Quenching involves heating the steel to create the austenite phase then quenching it in water or oil. This rapid cooling results in a hard but brittle martensitic structure.
In this application the annealing tempering process transforms some of the martensite into cementite, or spheroidite and hence it reduces the internal stresses and defects.
The result is a more ductile and fracture-resistant steel. When iron is smelted from its ore, it contains more carbon than is desirable.
To become steel, it must be reprocessed to reduce the carbon to the correct amount, at which point other elements can be added.
In the past, steel facilities would cast the raw steel product into ingots which would be stored until use in further refinement processes that resulted in the finished product.
In modern facilities, the initial product is close to the final composition and is continuously cast into long slabs, cut and shaped into bars and extrusions and heat-treated to produce a final product.
The ingots are then heated in a soaking pit and hot rolled into slabs, billets , or blooms. Slabs are hot or cold rolled into sheet metal or plates.
Billets are hot or cold rolled into bars, rods, and wire. Blooms are hot or cold rolled into structural steel , such as I-beams and rails.
In modern steel mills these processes often occur in one assembly line , with ore coming in and finished steel products coming out.

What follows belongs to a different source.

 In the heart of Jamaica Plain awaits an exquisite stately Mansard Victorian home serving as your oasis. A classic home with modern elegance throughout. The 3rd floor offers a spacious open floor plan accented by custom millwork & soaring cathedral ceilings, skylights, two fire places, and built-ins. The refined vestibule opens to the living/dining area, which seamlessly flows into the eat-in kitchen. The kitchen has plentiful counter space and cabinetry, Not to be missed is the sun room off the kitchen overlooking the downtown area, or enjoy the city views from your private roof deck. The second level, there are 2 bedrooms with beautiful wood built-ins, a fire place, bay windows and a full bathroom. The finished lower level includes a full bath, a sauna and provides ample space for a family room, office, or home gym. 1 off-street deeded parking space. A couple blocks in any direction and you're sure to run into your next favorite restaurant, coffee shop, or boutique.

Steel was known in antiquity and was produced in bloomeries and crucibles. The earliest known production of steel is seen in pieces of ironware excavated from an archaeological site in Anatolia Kaman-Kalehöyük and are nearly 4, years old, dating from BC.
The reputation of Seric iron of South India wootz steel grew considerably in the rest of the world. The Chinese of the Warring States period — BC had quench-hardened steel,  while Chinese of the Han dynasty BC — AD created steel by melting together wrought iron with cast iron, gaining an ultimate product of a carbon-intermediate steel by the 1st century AD.
The manufacture of what came to be called Wootz, or Damascus steel , famous for its durability and ability to hold an edge, may have been taken by the Arabs from Persia, who took it from India.
Hier findet ihr eine. Eaten Alive Man of Steel delivers all the spectacle of superman, but none of his heart.
The excellent Michael Shannon also feels wasted in a weakly built and poorly scripted character. Ob Superman erneut von Henry Cavill gespielt wird, steht.
Bei den ganzen Neuerscheinungen fragt man sich, welcher DC-Film überhaupt noch fortgesetzt wird. Zum Glück gibt es für. Man of Steel — Trailer Deutsch.
Man of Steel 2: Gibt es erste Pläne? Pläne für eine Weiterentwicklung der Geschichte gab es bereits kurz.